The recommended guidelines, summarized in Table 1 and discussed below, are based on a report prepared for Canadian Association of Petroleum Producers by Komex International Limited of Calgary. The guidelines went through the CCME's Water Quality Task Group review process and were posted on the Ministry of Water, Land and Air Protection website for a wider review by stakeholders and the public for a period of six months.
Toxicological data were sufficient to develop a guideline for source water used for drinking purposes. Health Canada has not developed a drinking water guideline for sulfolane.
It is recommended that the maximum concentration of sulfolane in water should not exceed 50 mg/L to protect freshwater aquatic life.
Toxicological data were sufficient to develop an interim guideline that meets Canadian Council of Ministers of the Environment requirements. The recommended guideline (50 mg/L) is based on the application of a 10-fold safety factor to the lowest LOEC in the chronic dataset (500 mg/L for Ceriodaphnia dubia).
Toxicological data were not sufficient to meet Canadian Council of Ministers of the Environment and the Ministry of Water, Land and Air Protection requirements for the derivation of a marine guideline. Therefore, a marine life guideline for sulfolane is not available at this time.
There were not sufficient data available to develop a guideline for the protection of recreational water uses from sulfolane.
The maximum concentration of sulfolane in irrigation water should not exceed 8.4 mg/L to protect agricultural crops. The Canadian Council of Ministers of the Environment (CCME) does not have a guideline to protect agricultural crops from adverse effects of sulfolane.

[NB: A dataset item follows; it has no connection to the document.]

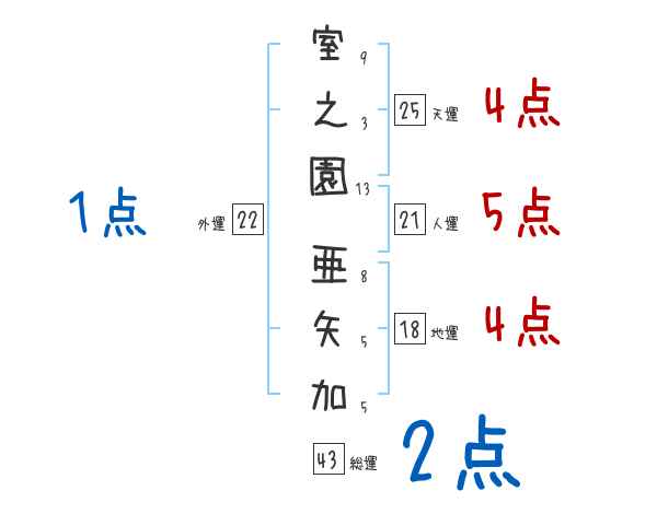 天運![]() | 室之園亜矢加さんの天運は25画の4つ星!個性があり才能があふれる。強運の持ち主で発展する。 家系が持つ宿命的な運勢を表します。祖先から受け継いだ苗字ですので自分の力が及びません。家柄を象徴します。 |

Toxicological data were sufficient to develop an interim guideline that meets Canadian Council of Ministers of the Environment requirements. Four guidelines were calculated for two soil types "poor soil" (e.g., sand or till) and loam, and two crop types (tame hay, cereal, and pasture crops and other crops). The overall irrigation guideline is the lowest of these four guidelines (8.4 mg/L). The species maximum acceptable toxicant concentration (SMATC) for cereals, tame hays, and pasture crops was 95 mg/L (loam), and 42 mg/L (poor soil). For other crops the SMATC was 38 mg/L (loam), and 8.4 mg/L (poor soil). These guidelines were based on the acceptable soil concentrations calculated from a 10-fold uncertainty factor and the NOEC and LOEC. The acceptable soil concentrations were: 58 mg/kg for cereals, tame hays, and pasture crops grown in loam, based on the biomass endpoint for timothy; 26 mg/kg for cereals, tame hays, and pasture crops grown in poor soil, based on the root length endpoint for alfalfa in till; 233 mg/kg for other crops grown in loam, based on the root length endpoint for lettuce and carrot; and 51 mg/kg for other crops grown in poor soil, based on the root length endpoint for lettuce in till.

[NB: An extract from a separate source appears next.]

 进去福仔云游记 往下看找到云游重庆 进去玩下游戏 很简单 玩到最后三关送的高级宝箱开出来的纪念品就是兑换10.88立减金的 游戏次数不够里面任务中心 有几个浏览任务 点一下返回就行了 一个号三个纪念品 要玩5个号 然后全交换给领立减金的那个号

The maximum concentration of sulfolane should not exceed 14 mg/L to protect livestock drinking water supplies. The Canadian Council of Ministers of the Environment (CCME) does not have a guideline to protect livestock from adverse effects of sulfolane in drinking water.
Toxicological data were not sufficient to meet Canadian Council of Ministers of the Environment requirements for this water use. However, the quality of the toxicological data was determined to be satisfactory to develop a preliminary guideline. The recommended guideline is based on Canadian Council of Ministers of the Environment protocols with the application of additional safety factors. The tolerable daily intake (TDI) was calculated by applying a 700-fold safety factor to the mean of acute toxicity data for laboratory animals (1,540 mg/kg bw/day). The 700-fold safety factor was based on a factor of 70 to extrapolate from acute to chronic data, and a factor of 10 to extrapolate from rodent and lagomorph data to livestock. The recommended guideline was based on dairy cattle, which have a high water consumption to body weight ratio.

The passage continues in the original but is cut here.